Non-Performing Assets
(Unaudited)
(In thousands) 31-Dec-16 30-Sep-16 31-Dec-15
Total non-performing loans held-in-portfolio, excluding covered loans $557,915 $579,325 $601,799
Non-performing loans held-for-sale - - 45,169
Other real estate owned ('OREO'), excluding covered OREO 180,445 184,828 155,231
Total non-performing assets, excluding covered assets 738,360 764,153 802,199
Covered loans and OREO 36,044 41,211 40,571
Total non-performing assets $774,404 $805,364 $842,770
Net charge-offs for the quarter (excluding covered loans) $56,216 $35,140 $82,870
Ratios (excluding covered loans):
Non-covered loans held-in-portfolio $22,773,747 $22,595,972 $22,346,115
Non-performing loans held-in-portfolio to loans held-in-portfolio 2.45% 2.56% 2.69%
Allowance for loan losses to loans held-in-portfolio 2.24 2.33 2.25
Allowance for loan losses to non-performing loans, excluding loans held-for-sale 91.47 90.73 83.57
Refer to Table H for additional information.
Provision for Loan Losses
(Unaudited) Quarters ended Years ended
(In thousands) 31-Dec-16 30-Sep-16 31-Dec-15 31-Dec-16 31-Dec-15
Provision for loan losses:
BPPR $37,357 $36,281 $55,635 $155,860 $216,832
BPNA 3,567 6,313 2,076 15,266 626
Total provision for loan losses - non-covered loans $40,924 $42,594 $57,711 $171,126 $217,458
Provision (reversal) for loan losses - covered loans 441 750 820 (1,110) 24,020
Total provision for loan losses $41,365 $43,344 $58,531 $170,016 $241,478
Credit Quality by Segment
(Unaudited)
(In thousands) Quarters ended
BPPR 31-Dec-16 30-Sep-16 31-Dec-15
Provision for loan losses $37,357 $36,281 $55,635
Net charge-offs 53,416 32,959 82,011
Total non-performing loans held-in-portfolio, excluding covered loans 532,508 551,238 574,834
Allowance / non-covered loans held-in-portfolio 2.73% 2.80% 2.67%
Quarters ended
BPNA 31-Dec-16 30-Sep-16 31-Dec-15
Provision for loan losses $3,567 $6,313 $2,076
Net charge-offs 2,800 2,181 859
Total non-performing loans held-in-portfolio 25,407 28,087 26,965
Allowance / non-covered loans held-in-portfolio 0.75% 0.78% 0.69%
Financial Condition Highlights
(Unaudited)
(In thousands) 31-Dec-16 30-Sep-16 31-Dec-15
Cash and money market investments $3,252,611 $4,314,040 $2,543,766
Trading and investment securities 8,535,530 7,968,004 6,407,802
Loans not covered under loss-sharing agreements with the FDIC 22,773,747 22,595,972 22,346,115
Loans covered under loss-sharing agreements with the FDIC 572,878 588,211 646,115
Total assets 38,661,609 39,054,296 35,761,733
Deposits 30,496,224 30,327,045 27,209,723
Borrowings 2,055,477 2,364,984 2,425,853
Liabilities from discontinued operations - 1,815 1,815
Total liabilities 33,463,652 33,673,901 30,656,409
Stockholders' equity 5,197,957 5,380,395 5,105,324

Total assets decreased by $0.4 billion from the third quarter of 2016 driven by:

  • A decrease of $1.1 billion in money market investments mainly at BPPR due to the deployment of liquidity into longer termed investment securities; and
  • A decrease of $83.1 million in the FDIC loss-share asset due mainly to the $81.3 million write-down related to the review board's denial of BPPR's claim in connection with arbitration proceedings with the FDIC during the fourth quarter of 2016. Refer to Table O for further details.

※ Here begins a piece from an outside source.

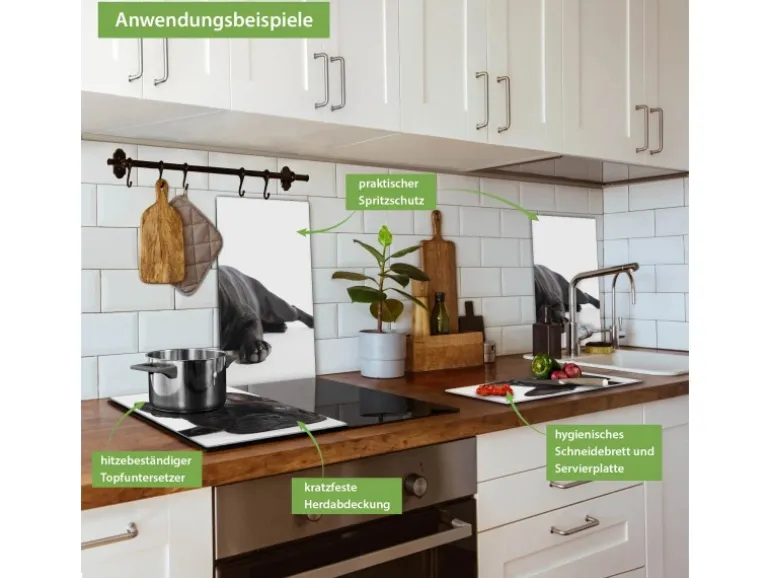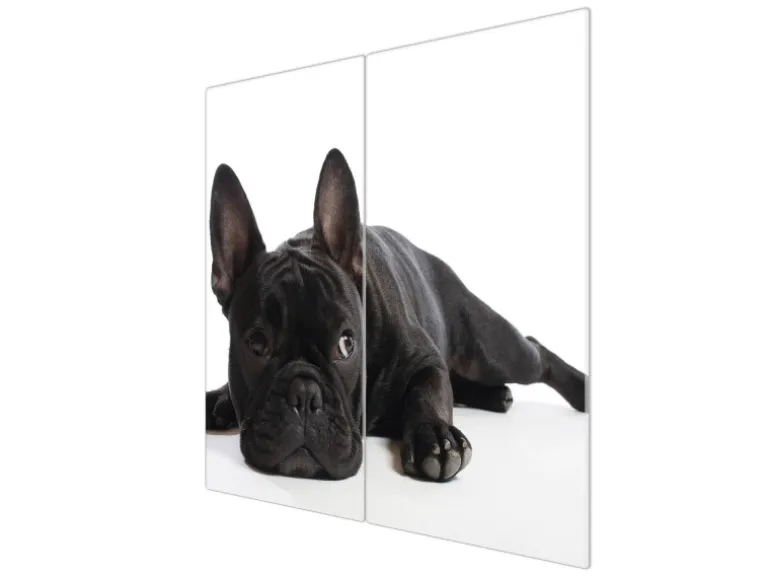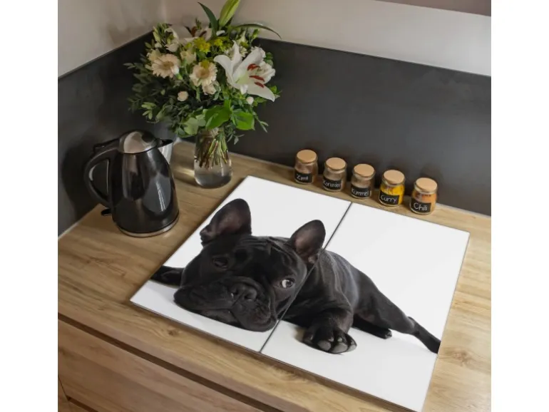 Banjado Herdabdeckplatte Glas 2 Teilig Je 30x52CM Schneidebrett Herdabdeckung Mit Motiv Bulldogge

These negative variances were partially offset by:

  • An increase of $0.6 billion in investment securities available-for-sale mainly at BPPR due to purchases of U.S Treasury securities and mortgage-backed agency pools; and
  • A net increase of $0.2 billion in non-covered loans held-in-portfolio mainly driven by growth in the commercial portfolio at BPNA by $0.3 billion, partially offset by lower balances of consumer, residential mortgage, and commercial loans at BPPR by $0.1 billion.

Total liabilities decreased by $0.2 billion from the third quarter of 2016, principally driven by:

  • A decrease of $0.3 billion in federal funds purchased and assets sold under agreements to repurchase mainly due to a net decrease in repurchase agreements principally at BPPR; and
  • A decrease of $68.1 million in other liabilities primarily due to a reduction in the liability for GNMA loans with a repurchase option due to higher repurchase activity during the fourth quarter, partially offset by the impact on the true-up payment obligation related to the adverse portfolio sales arbitration award and other commercial loss share agreement adjustments and the pre-tax adjustment of pension and postretirement benefit plans.

These negative variances were partially offset by:

  • An increase of $0.2 billion in deposits mainly due to increases in savings and money market deposits at BPNA, partially offset by decreases in deposits from the Puerto Rico public sector at BPPR. Refer to Table G for additional information on deposits.

Stockholders' equity decreased by approximately $182.4 million from the third quarter of 2016, mainly as a result of a net loss for the quarter of $4.1 million, declared dividends of $15.6 million on common stock and $0.9 million in dividends on preferred stock, higher net unrealized losses on securities available-for-sale by $152.6 million, and a $11.4 million after-tax adjustment of pension and postretirement benefit plans.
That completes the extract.